Five groups were identified who have remarkably similar attributes in common. They are the Georgians and the Arkhazians in the former USSR; the Vilcabunba in Ecuador; the Huza in Pakistan; and the Tarahumara in Mexico. These groups will be expected to live (barring unforeseen natural disasters) well into their nineties and 100s. Tooth particle analysis determination (accurate to +-2 years) was done).
Pelletier outlines the following common parameters and environmental/social conditions imposed upon these people:
- semi-mountainous habitat (chronic hypoxia, and acclimatization, physiological adaptations; exercise always just getting around)
- impoverished conditions
- genetic predisposition (albeit, small influence)

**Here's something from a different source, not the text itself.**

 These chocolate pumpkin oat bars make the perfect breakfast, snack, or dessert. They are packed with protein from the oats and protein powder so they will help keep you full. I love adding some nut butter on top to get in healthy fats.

- age exaggeration occurs (but it is a key element in their psychology)
- dietary: lacto-ovo vegetarians who shun red meat; prolonged caloric restriction (1,800-2,000 per day vs. 3,000-5,000 per day for North Americans); restricted protein intake (40-50 vs. 90-100 grams per day for North Americans); emphasis on legumes, potatoes, grains, leafy vegetables
- regular moderate aerobic activity (subsistence farming activity)
- moderate alcohol consumption (raised HDLs) -- 40 oz. beer per day, but their pattern of consumption is telling: they drink gradually throughout the day, and combine it with food and socializing
- smoking is common, but how they smoke is different: no chemicals in tobacco; native grown; not inhaled; only smoke outdoors
- society promotes continued sexual activity well into old age (caloric restriction increases reproductive and sexually-active years). Women are also initiators of sexual relations
- "mid-life crisis" -- a nonexistent concept
- extended family units vs. nuclear families (North America and Europe)

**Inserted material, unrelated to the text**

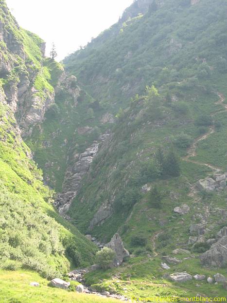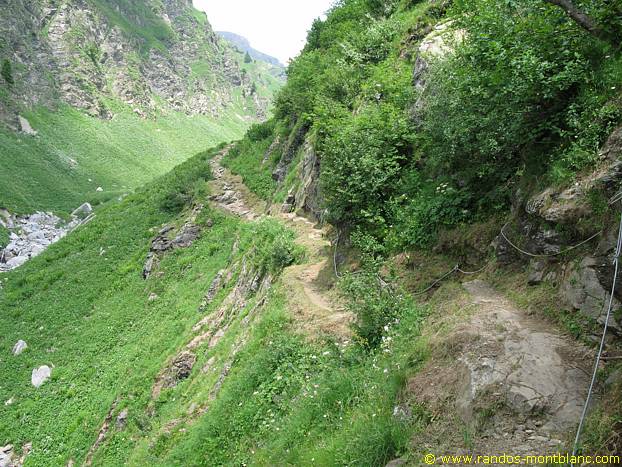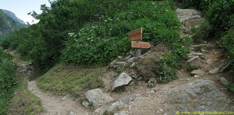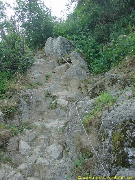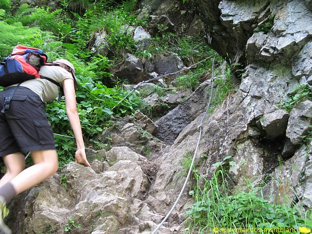 A few switchbacks later and a small passage equipped with a rope, you have to fork to the right and enter the forest in the direction of “La Chorde.” The track rises more steeply than the pathway of the Argentières.

- no possessiveness or jealousy
- religious orientation; alive vital universe of a unified functioning entity; not segmented like North America. Respect for higher values
- no concept of time urgency
- expectation of long life; elders have positions of social status -- are never made to feel useless. Grandparents care for children
- autopsy findings: some CAD, but their coronary vessels are large. Those few with CAD go through elder years with largely "silent coronary disease." If they sustain a myocardial infarction, they are small and recovery time is rapid
Clearly, an examination of these common elements explains why we have so far to go in our society in understanding how to go into old age with self-respect, vigor and vitality. Perhaps a greater understanding and appreciation of these concepts practiced for thousands of years, will be recognized in time -- before our health care systems collapse entirely.
Reference
1. Caspersen C.J. et al. Physical activity trends among 26 states, 1986-1990. Medicine Science in Sports and Exercise. 27(5):713-720, 1995.
Len Goodman, PhD
Ontario, Canada
TIDBITS INFO
In actual fact, the oldest recorded living human was a French lady Jeanne Louise Calment who died at age 126. The country that has the largest number of persons over the age of 100 is actually Sweden, and the country with the longest average life expectancy is Japan. But since most of the mountain under-developed world has no dependable recording system, it can not be verified who outlives who. However, there have many anecdotal reports, many of which are based on empirical facts, which would indicate that a good number of people have lived over 120 years old.